▸ ASSIGNMENT:
Word for word, copy all the data and drop the pictures.

Dataset excerpts:

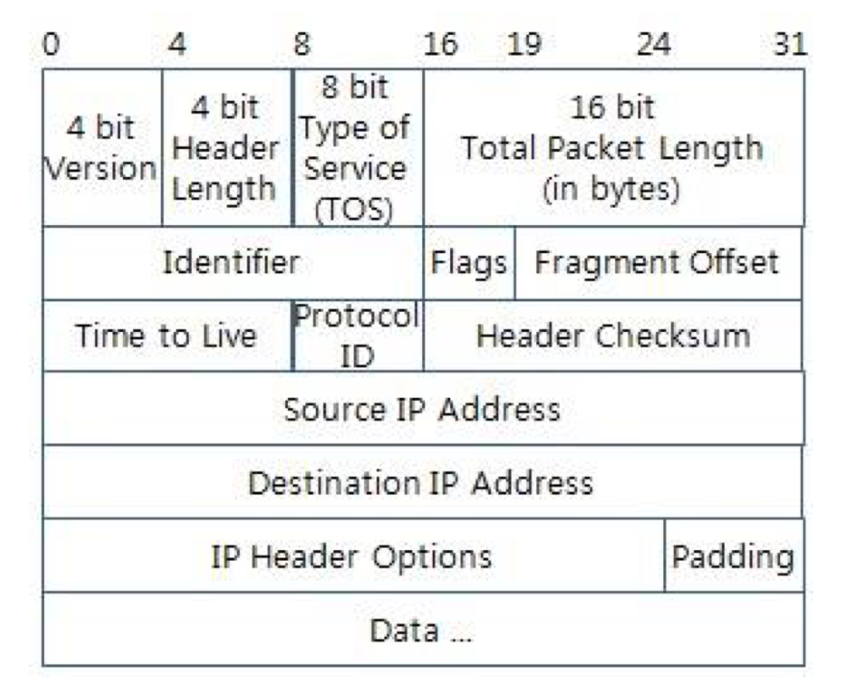 - Fixed part는 20byte이고, variable part는 옵션에 따라 다르지만 최대 40 byte(각각 4-byte)이다.
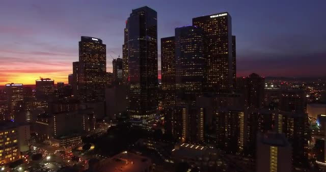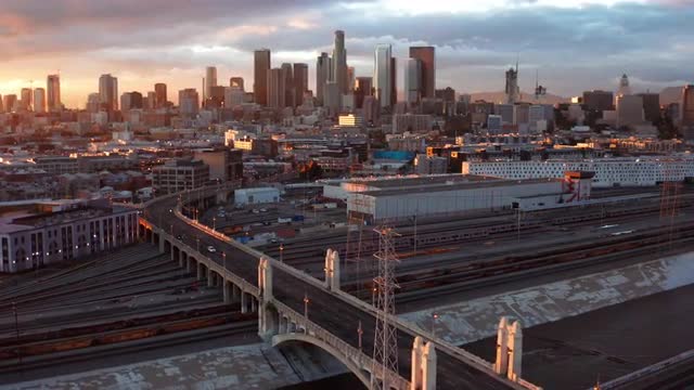 Hyperlapse aerial of downtown Los Angeles at dusk
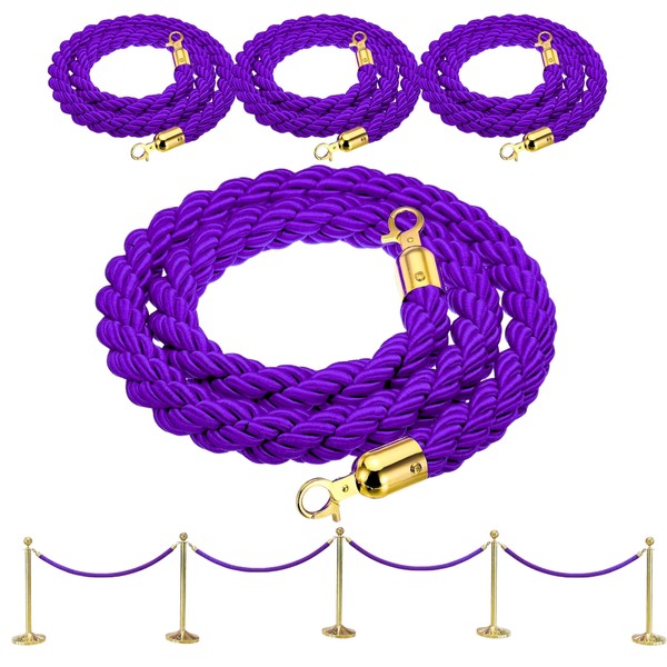 4PCS Braided Purple Rope – 5FT Rope Twisted Barrier Cord with Gold Hooks VIP Set Crowd Control Stanchion for Event Decor and Party Stanchion Posts
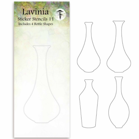De vackra nya klistermärkesschablonerna i Sticker Stencils Set 11 har 4 mönster av en hög flaska perfekt för mindre kort. De är perfekta för det mindre kortet.
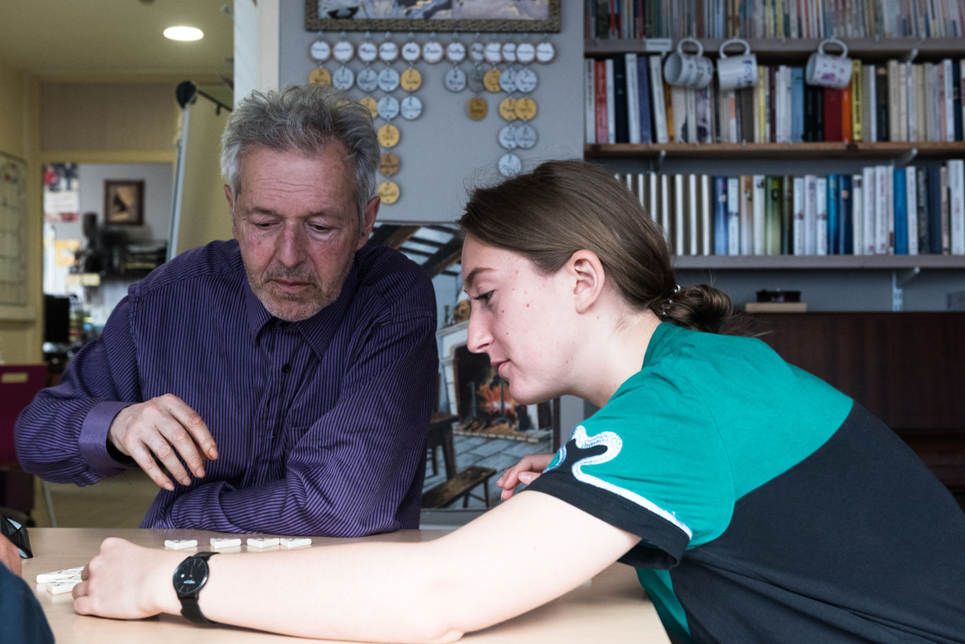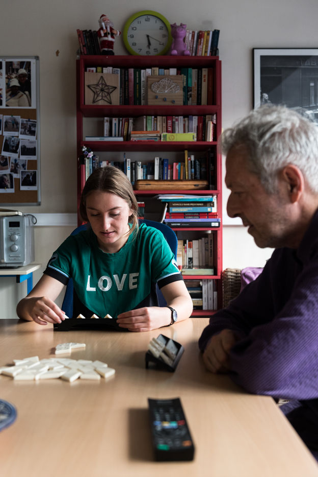 06/06/2021, Paris, France. A volunteer at the Petits Freres des Pauvres, at the Anne-Marie Blaise structure which welcomes 14 residents over 50 years old with limited resources. She spends 2 hours a week with the residents. They play board games and chat.

▸ RESPONSE AREA:
 - Fixed part는 20byte이고, variable part는 옵션에 따라 다르지만 최대 40 byte(각각 4-byte)이다.
 Hyperlapse aerial of downtown Los Angeles at dusk
 4PCS Braided Purple Rope – 5FT Rope Twisted Barrier Cord with Gold Hooks VIP Set Crowd Control Stanchion for Event Decor and Party Stanchion Posts
De vackra nya klistermärkesschablonerna i Sticker Stencils Set 11 har 4 mönster av en hög flaska perfekt för mindre kort. De är perfekta för det mindre kortet.
 06/06/2021, Paris, France. A volunteer at the Petits Freres des Pauvres, at the Anne-Marie Blaise structure which welcomes 14 residents over 50 years old with limited resources. She spends 2 hours a week with the residents. They play board games and chat.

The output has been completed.